Donnerstag, 4. Dezember 2014

The death of a Hypothesis: Cholesterol and Heart Disease (Ezetimibe edition)

Recent events have cast doubt on the well established "lipid hypothesis" of heart disease. In particular, the failure of Vytorin, aka ezetimibe, to lower intima media thickening. Instead the cholesterol absorption inhibitor appeared to worsen thickening, if it had any effect at all, in this rather small study. Of course, the lipid hypothesis is backed by other lines of evidence (1) but the most reliable evidence always comes from interventional studies.

So the key point of this controversy has been that no lipid lowering drug has ever reduced CVD (usually measured as a composite endpoint*) in a large study, with the exception of statins. This means it would be conceivable that some other effect of statins is responsible for their protective effects, the so called pleiotropic effects of statins.

The controversy can be put to rest given the results of the secondary-prevention study IMPROVE-IT with n ~ 18 000. I will spare you the details and just link to two other reviews instead. (Note, that the arseholes from medscape may require you to register before you can read the summary)

Over a period of 7 years, the addition of ezetimibe to simvastatin 40 mg reduced the primary end point—a composite of cardiovascular death, MI, unstable angina requiring rehospitalization, coronary revascularization, or stroke—by 6.4% when compared with patients who received simvastatin alone (P =0.016).
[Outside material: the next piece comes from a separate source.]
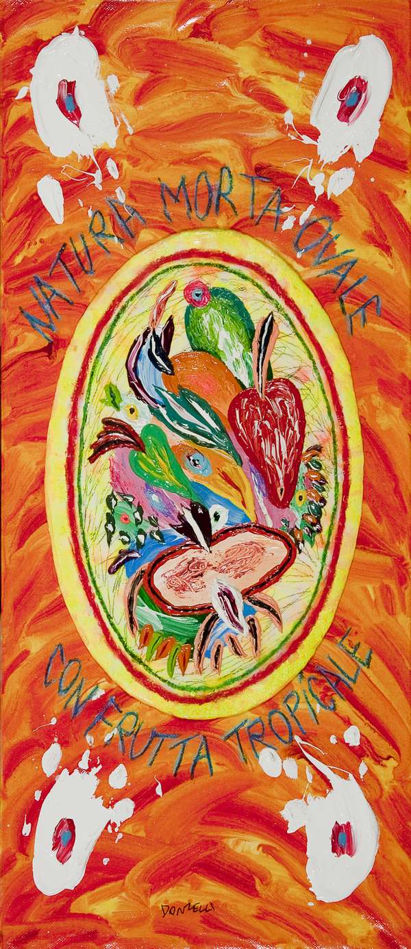 Bruno Donzelli Natura morta ovale con frutta Firma in basso al centro tropicale olio, tecnica mista su tela cm. 70x30
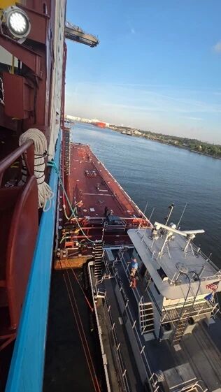 从现场情况看,此次作业采取船对船方式进行。美国海岸警卫队公布的图片显示,加注船KIRBY 29067 靠泊在 TANGIER MAERSK 舷侧实施加注,船上人员则在控制室内监测流量等操作参数。

The absolute reduction in risk over 7 years was 2.0%, with 32.7% in the ezetimibe/simvastatin arm experiencing a primary end point compared with 34.7% in the simvastatin arm.

Instead I want to make a few points:

1. Cholesterol was lowered from a very low starting level. LDL-C under a statin was approx. 70 and went down to 53 mg/dl. Obviously, one would expected diminishing returns. It is all the more impressive and a clear win for the "lower is better" hypothesis.

2. There was no benefit on all-cause mortality. This could easily be due to low statistical power. The result on the composite endpoint is driven by changes in hard outcomes, MI, ischemic stroke; and stroke (the only one at p > 0.05 with a p = 0.052). I find it hard to believe, very, very hard to believe that hard endpoints won't translate to reduced death rates.
As always, we'll see what we can get from secondary analyses, e.g. regarding cancer.

3. This study can be regarded as the death of the contrarian hypothesis (the claim that cholesterol is neutral, perhaps even healthy).

References

1. I notice that I cannot find a coherent write-up of this issue. For now, I'll link to a discussion I had a while ago about cholesterol and cancer risk
http://www.longecity.org/forum/topic/52572-japanese-and-their-cholesterol/#entry486378

EDIT:
*Come to think of it, this seems like sloppy wording on my part. The gist of the argument is that most of the drugs barely affected the "hardest" endpoints, if they had any effect at all. From soft to hard: myocardial infarct - composite CVD - CVD mortality - all-cause mortality.